Mount compatibility matters in X-Plane 12 because the sim rewards precise, repeatable control inputs — if your yoke column or throttle quadrant is shifting relative to your body mid-flight, blade-element physics will punish inconsistent inputs on short-field landings or steep VOR approaches where trim authority is narrow. Adjustability is equally critical because X-Plane 12's VR implementation demands your head and hands land in exactly the right position relative to the virtual panel, and a seat you can't dial in for height and recline forces compromise between headset comfort and control reach. The Next Level Racing Flight Simulator Boeing Heavy Package addresses adjustability well at 90/100 but carries a 60/100 mount compatibility score, which is the primary friction point keeping the overall rating at 78.0/100 rather than higher.
Is the Next Level Racing Flight Simulator Boeing Heavy Package compatible with X-Plane 12?

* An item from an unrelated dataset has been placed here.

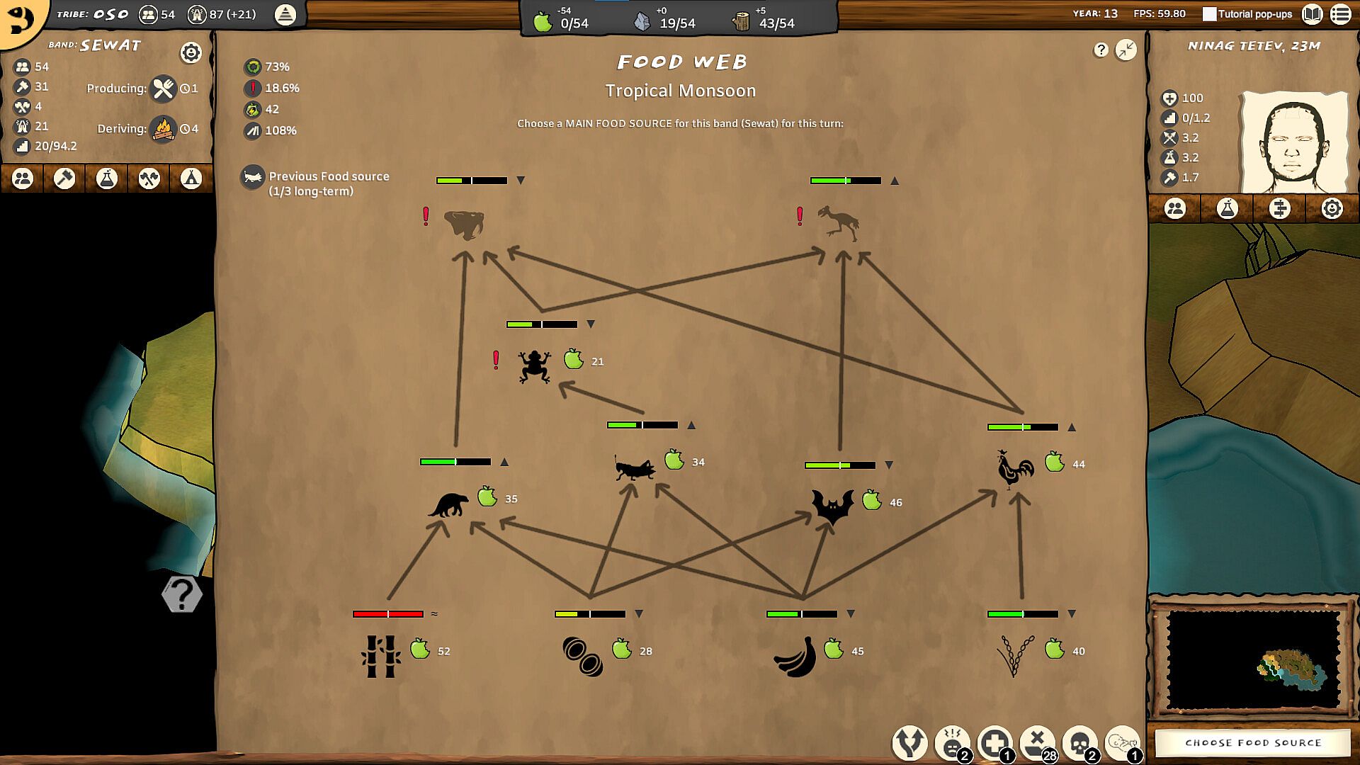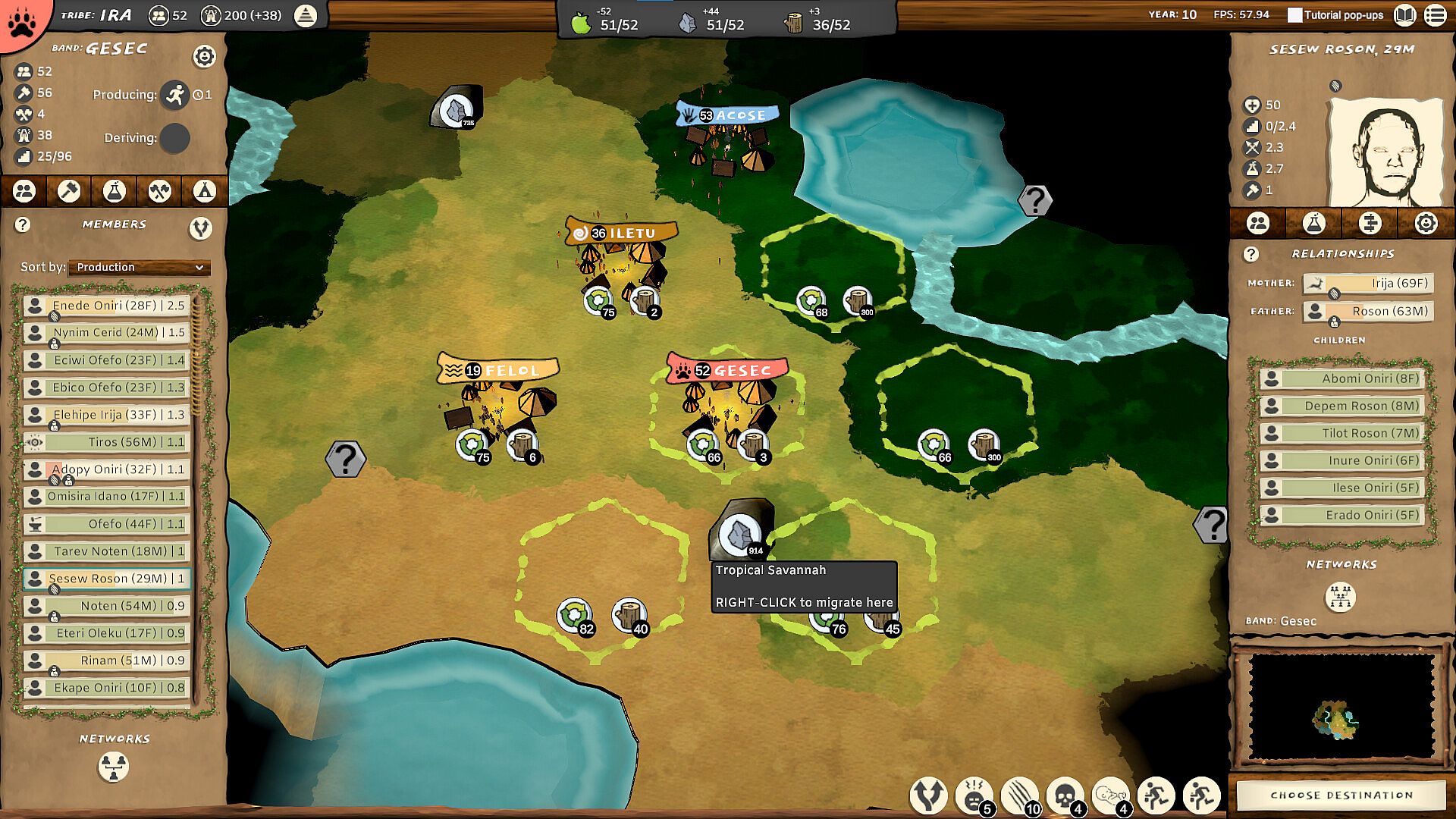 Before agriculture and settlements, we spent hundreds of thousands of years as nomadic hunter-gatherers. Guide your people as you migrate through harsh climates, each posing unique challenges.

The Next Level Racing Flight Simulator Boeing Heavy Package is a seat and rig frame — it has no direct USB or software interface with X-Plane 12, so there is no driver setup or axis binding required from the seat itself. All control hardware mounted to the frame (yoke, throttle, rudder pedals) will still require individual binding through X-Plane 12's joystick and equipment settings panel as normal for each device.
How should I configure this in X-Plane 12?
Since this is a seat platform rather than an input device, there are no in-game sensitivity or dead zone settings that apply to the seat directly — configure those parameters on whichever yoke, rudder pedal, and throttle hardware you mount to the frame. For airliner-style flying in X-Plane 12 from this seating position, set your primary flight axis sensitivity curves to a moderate linear profile with a 3–5% null zone on rudder to absorb any minor positional shift from the seat under load.